Thinking Outside The Box

Thinking Outside The Box

 

Creativity isn’t the domain of only a few. It is actually the birthright of every human being. Somewhere between youth and adulthood, most of us have learned how to add fear and worry to the burden of life on our shoulders, and we lose our creative edge.

 

Creativity is inborn and any casual observance of children anywhere at play, reveals how creative we all truly are. Yet in that transition to mature adulthood, one of the reasons we often stifle our creativity in favor of being excessively concerned about “making it” in life is because we have forgotten how to play.

 

Brian Sutton-Smith’s The Ambiguity Of Play informs us that play-like activities invite us into a domain where we are given permission to fail. That permission to fail releases us into a world of possibilities where we become as children again and imagine “what if” and then act “as if”. 

 

This kind of “what if” thinking is the exact opposite of the negative inefficient “what if” thinking that feeds anxiety and worry. This kind of “what if” thinking invites us to think outside the box of our perceived paradigms of reality and explore territories we don’t normally give ourselves permission to explore. 

 

Somewhere between adolescence and adulthood, we adopt an anxiety-driven “what if” thinking that stifles our ability to playfully imagine some “what if’s” that are rooted in what lies beyond the realm of what we have perceived as possible. “What if” thinking from a root of anxiety constrains us and restrains us into a limited and limiting existence.
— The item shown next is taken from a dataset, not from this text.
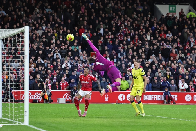 Callum Hudson-Odoi of Nottingham Forest scores to make it 2-0 during the Premier League match Nottingham Forest vs Tottenham Hotspur at City Ground, Nottingham, United Kingdom, 14th December 2025, Credit:Mark Cosgrove/News Images / Avalon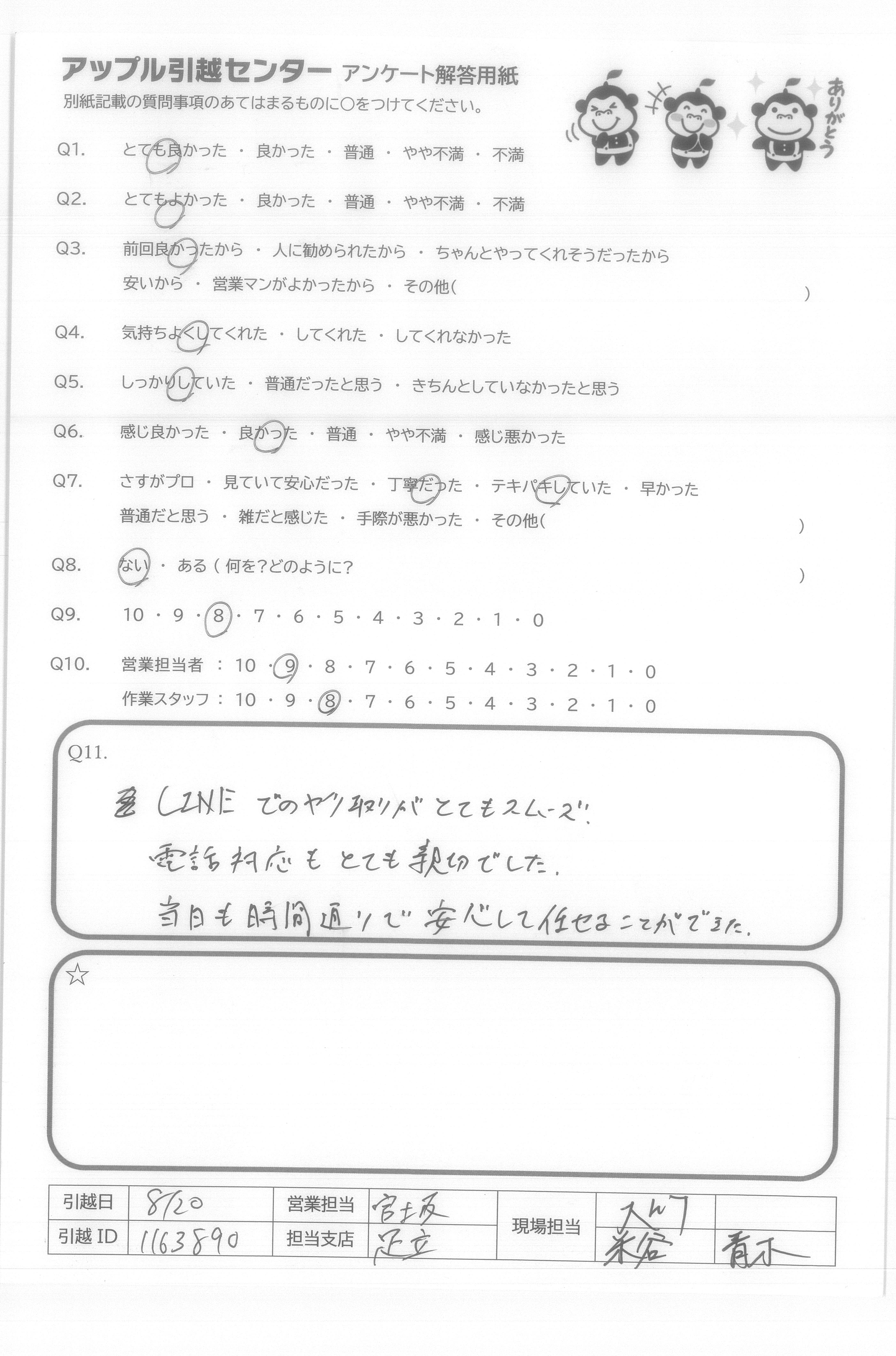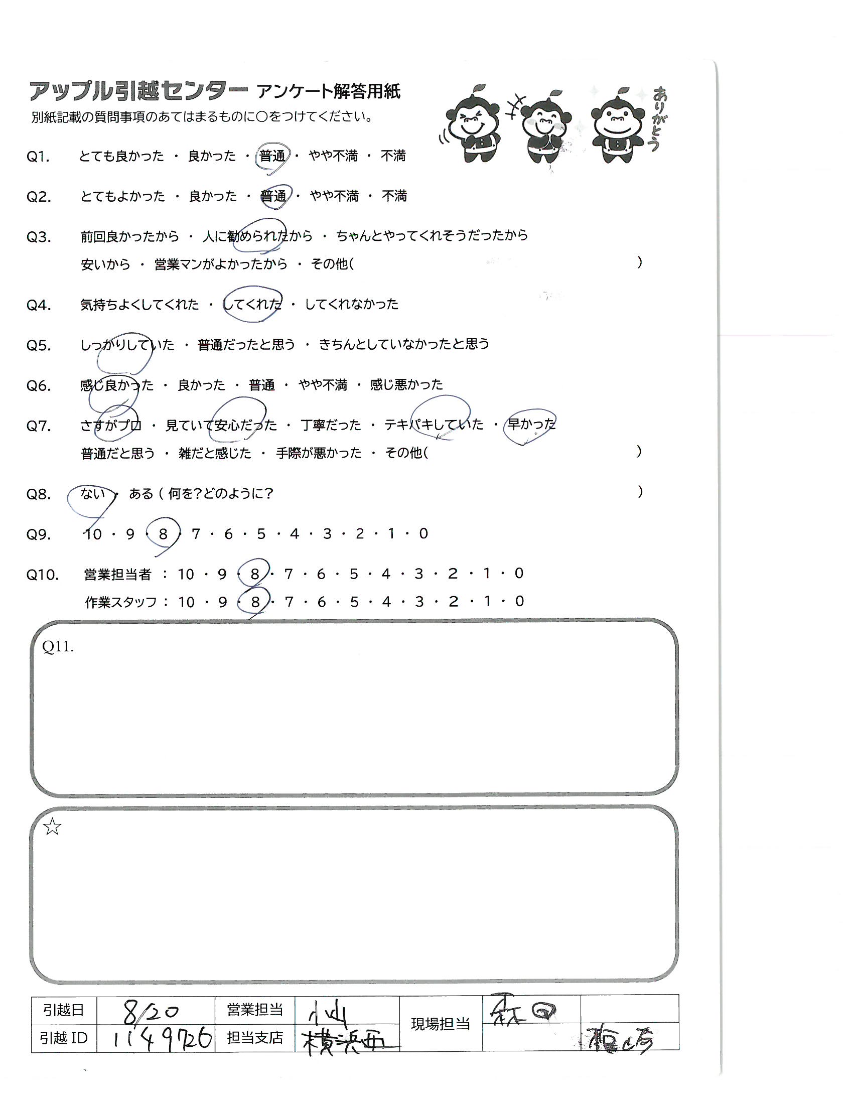 引越し日:2021年08月20日 エリア:神奈川県横浜市港北区

It reduces us to survival mode thinking and can often lead to “playing” the role of being a victim, having believed that life itself is victimizing. 

 

Sutton-Smith reminds us that play involves entering the realm of Victor Turner’s “liminal space” because it requires crossing that “threshold between reality and unreality”[1]. Ironically, for adults, entering liminal space, which requires crossing thresholds, always involves some level of anxiety, because you have to step outside the box of your preferred paradigm, and think in alternative ways. However, if you give yourself permission to fail, your psychological state will change in favor of curiosity, discovery, and new learning.

 

It seems to me that creativity and play, which requires thinking outside the box and then acting outside the box, can elicit intuition at a new level in our lives. Intuition is that instinctive knowing where you become aware of something without have to discover it or even perceive it. You just “feel” it and that “feeling” at a gut level is actually a “knowing”. It could be linked and connected to Micahel Polayni’s “tacit knowing”, which in his work “The Tacit Dimension” as well as in “Personal Knowledge” is a kind of knowing and a kind of knowledge that is quite difficult to transfer to someone else by way of describing it or verbalizing it. If you were to ask Barry Bonds to describe how he actually hit 762 home runs in his career to become the greatest home-run hitter of all time, the chances are he couldn’t describe it to you. He just “felt” the connection between the ball and the bat that was a “knowing” as to how to put the ball out of the park. He “played” with the bat and the ball. Intuitively he felt something.

 

It isn’t a whole lot different than when I lived in Calgary in the early 1980’s and saw that north of us in Edmonton, on the hockey team of the Edmonton Oilers, there was a young Wayne Gretzky, who was gaining momentum and fame because of his success on the ice. One night on the Canadian Broadcasting Network he was being interviewed, and the commentator asked him what the secret of his success on the ice was. Gretzky replied in that now famous response, “I don’t play to where the puck is, I play to where the puck is going to be!”

 

Think about that for a minute. Given that there are 12 men on the ice, and that there is one puck that travels each time it is hit at about 120 plus miles per hour, and the mathematics of how many directions that puck could take, how could Gretzky know where the puck was “going to be”? He didn’t have time to figure it out mathematically, or logically. He had to go outside the box of his normal thinking patterns, and elicit his intuition playfully, and know in his knower, if at all possible, the future before it arrived. Not only did he have to know it, he had to act on it and go to the future ahead of everyone else, and ahead of the puck itself so it could meet him in the future he already “knew” was headed his way. He was “playful” in his imagination!

 

Gretzky, like Bonds, “knew” something because they thought “outside the box” of rational, logical, sequential, analytical thought. So what about you and me? How do we learn how to play and release our creativity in our own sphere and domain of life?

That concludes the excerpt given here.